New Delhi, March 31 -- Calling himself a son of
India, the Dalai Lama, the spiritual head of the
Tibetan Buddhists, Tuesday praised the
'non-sectarian principles' of the country on the
50th anniversary of his escape from Tibet.

'The non-sectarian principles are very much alive
in this country. Fifty years ago, I came to India
as a 24-year-old homeless refugee and have been
greatly inspired since then by great leaders like
(first prime minister) Pandit Jawaharlal Nehru,' he said.

'I call myself a son of India. Over the years
Tibetans have developed very close ties with the
country,' the Dalai Lama told a crowded press conference here.

He escaped from the Norbulingka Palace in Lhasa,
the capital of Tibet, during the night of March
17, 1959, after a failed uprising and the
collapse of the Tibetan national resistance
movement against the Chinese communist regime. He
reached India after a 14-day trek through the Himalayan mountains.

March 31 is observed by the Tibetans in exile as the 'National Uprising Day'.
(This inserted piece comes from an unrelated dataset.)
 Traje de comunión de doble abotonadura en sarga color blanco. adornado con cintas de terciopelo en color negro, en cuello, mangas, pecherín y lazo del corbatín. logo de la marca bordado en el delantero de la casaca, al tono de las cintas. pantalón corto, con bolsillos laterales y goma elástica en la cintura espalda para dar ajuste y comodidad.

'I personally think my life in India has been
very meaningful and I have gathered experience
from followers of other traditions like Hinduism,
Jainism, Christianity, Islam and Judaism,' said
the spiritual leader, who visited eight places of
worship in the capital Tuesday morning as part
his mission to spread communal harmony and secularism.
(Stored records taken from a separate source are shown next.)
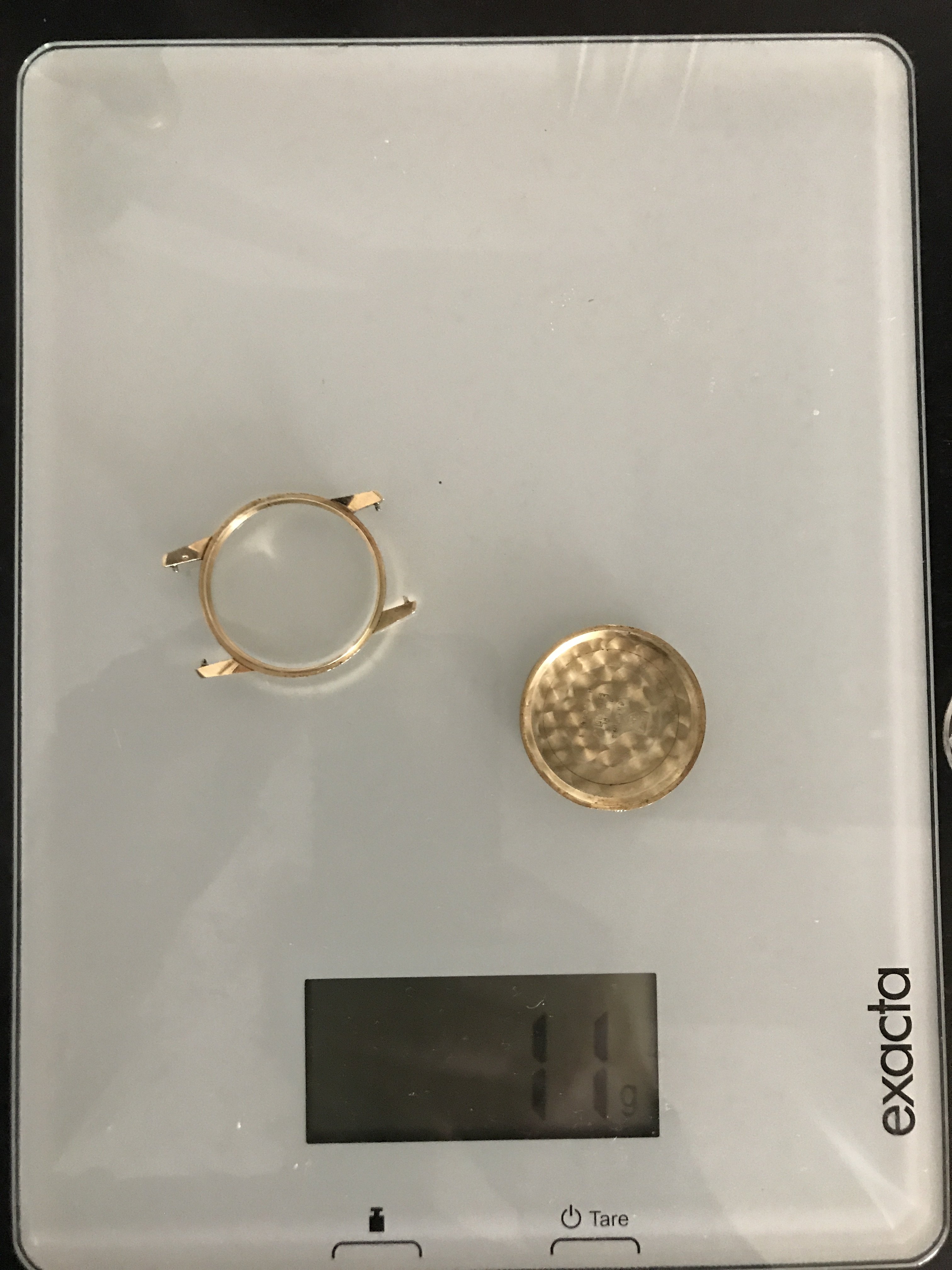 depends realy on the watch, I had a lady,s dress watch that was around the 8 grams of 18ct gold and had a men's dress watch that was about 6 grams. the best way to know is remove the movement and the glass and weigh. or if you are not in the position to do that open de back and weigh the case back then you will see if they use a lot of gold or it is a thin layer. (like those cheap chronograph Swiss watches 18ct)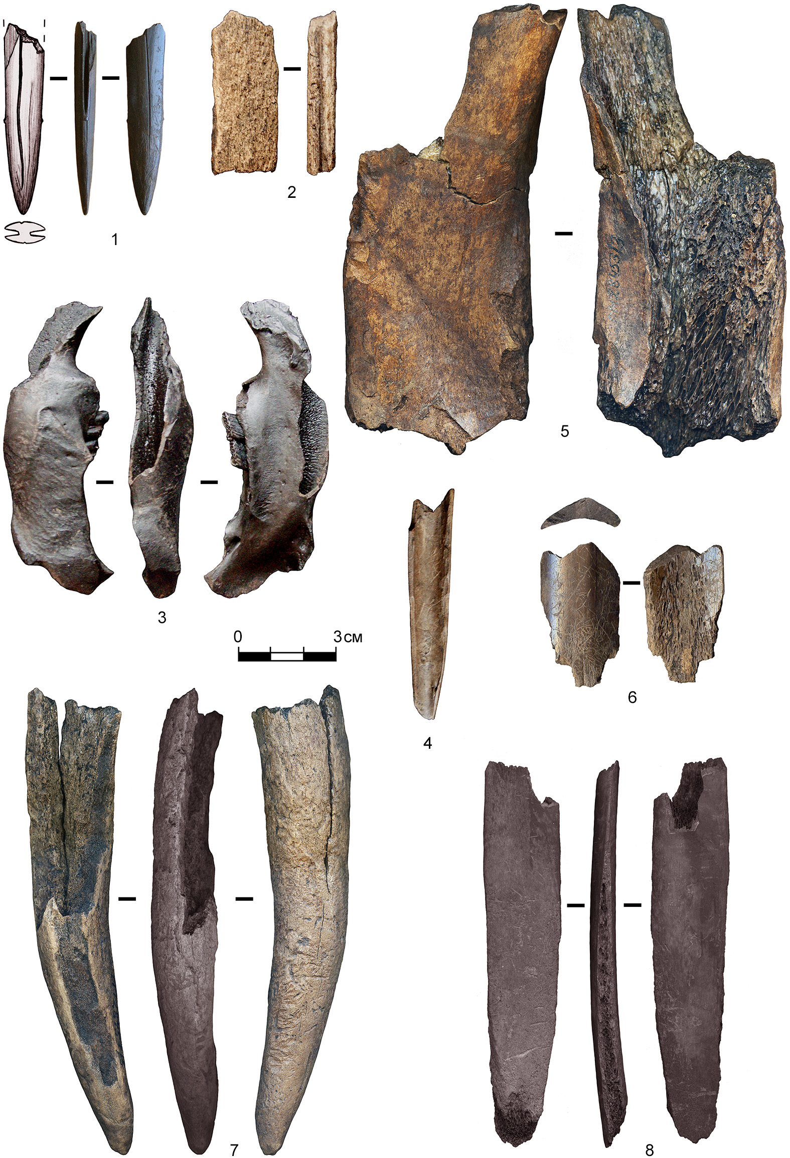 Имеется серия бытовых орудий и инструментов, существовавших на протяжении мезолита – раннего неолита. Они обнаружены во всех мезолитических и ранненеолитических слоях рассматриваемых памятников [9, с. 201; 10, с. 206; 11, с. 221]. В их число входят орудия из нижних челюстей бобра, служившие резцами, строгальными ножами и скобелями (рис. 1: 9; рис. 2: 3); широкие ножи из лопаток [10, с. 206], которые использовались как струги для снятия коры или применялись для обработки шкур (рис. 1: 8; рис. 2: 5). В ранне- и среднемезолитических слоях (рис. 1: 3, 6) и в слое раннего неолита (рис. 2: 6) Береговой II найдены обломки плоских или уплощенных прямых ножей с тупыми краями для обработки растительных волокон [3, с. 34, 35, 64, 73]. Орудия сделаны из пластин-заготовок, вырезанных из диафизов крупных трубчатых костей. Ретушёры-отжимники из отростков рога (рис. 1: 7; рис. 2: 7) и костяные шилья (рис. 2: 4) также бытуют в Зауралье с раннего мезолита до раннего неолита [9, с. 201]. В ранненеолитическом слое Береговой II найден обломок струга из ребра (рис. 2: 8). В каменном веке Урала пока одно такое орудие, остальные струги сделаны из трубчатых костей или верхних резцов бобра [3, с. 45, 67], но в Восточной Европе они широко распространены на памятниках среднего и позднего мезолита [12, с. 244, 245].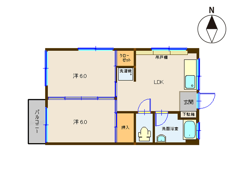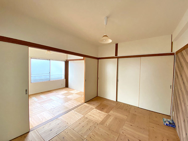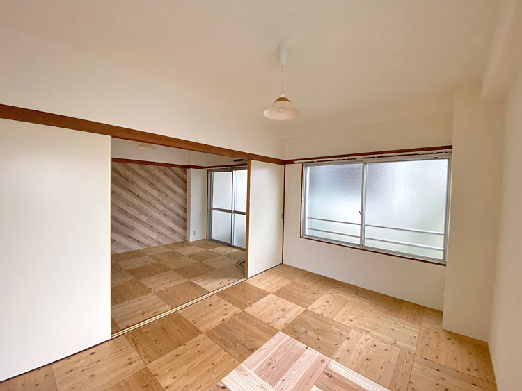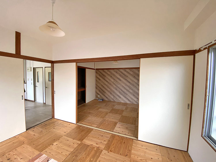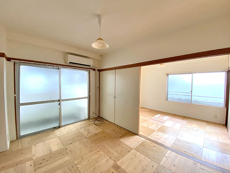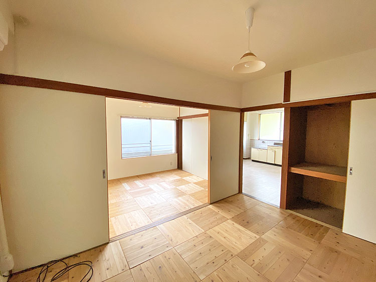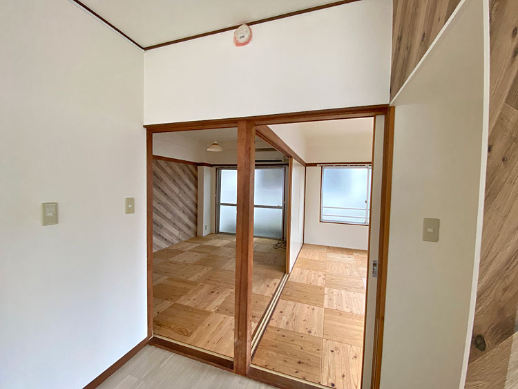 こちらの2DKは、洋室2部屋の仕切りは4枚引戸となっています。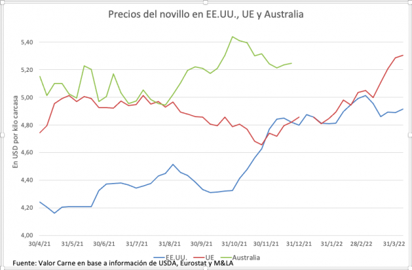 Se indican los valores del novillo terminado en plazas seleccionadas, expresados en USD por kilo carcasa.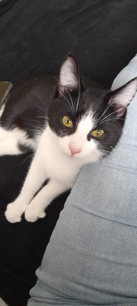 Sie ist gerade einmal 9 Monate und schwarz weiß. Sie ist gechipt und relativ zutraulich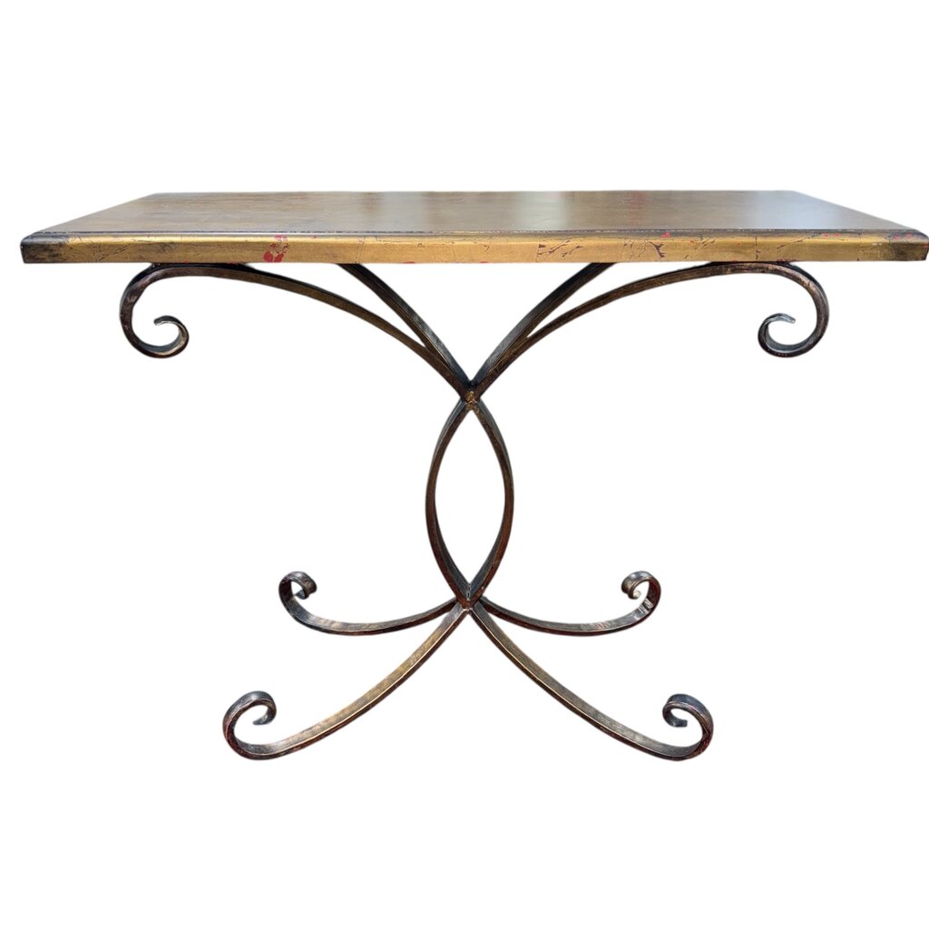 Uttermost Console Table Distressed Red Top w/ Gold Gilt Overlay & Iron Base 43Lx19Wx33H

The Dalai Lama, who has been engaged in talks
with the Chinese government for an amicable
solution to the Tibetan refugee issue, said: 'It
is very difficult to say what will happen after
50 years between Tibet and China. But we
definitely have more support and solidarity from within the Chinese community.'

'Recently, I was in Poland and I found that the
feeling of solidarity in the European Union for
the Tibetan cause was very strong. We are not
seeking secession, but total autonomy,' the Dalai Lama said.

In the last round of negotiations, the Tibetan
government in exile, based in Dharamsala in
India, had been able to hand over a more detailed
memorandum to the Chinese government explaining
how to implement the new constitution it drafted
for an autonomous Tibet, said Samdhong Rinpoche,
prime minister of the Tibetan government in
exile, which is not recognised by any nation.

The Dalai Lama urged the media to investigate 'if
the situation in Tibet was as peaceful as the
Chinese government claimed or there was resentment'.

'Everyone - the European countries, Australia,
North America, Australia, Japan and New Zealand -
knows about our position, but the Chinese... It
is your responsibility to make it clear to your
government. Otherwise, your reportage is
meaningless,' he told a correspondent from China.

The Dalai Lama said Tibetans were looking at a
legitimate autonomy that would enable them to
live within the framework of the People's Republic of China.

After the 'crackdown' by the Chinese authorities
on Tibetan protesters in 2008, majority of the
Tibetans preferred a middle-way policy, he said.

'We are committed to ahimsa (non-violence) and
peaceful negotiations,' the Dalai Lama said.
alling back on the history of Tibet-China ties,
he said while signing the 17-point agreement,
former Chinese premier Zhou Enlai said autonomy was a reasonable demand.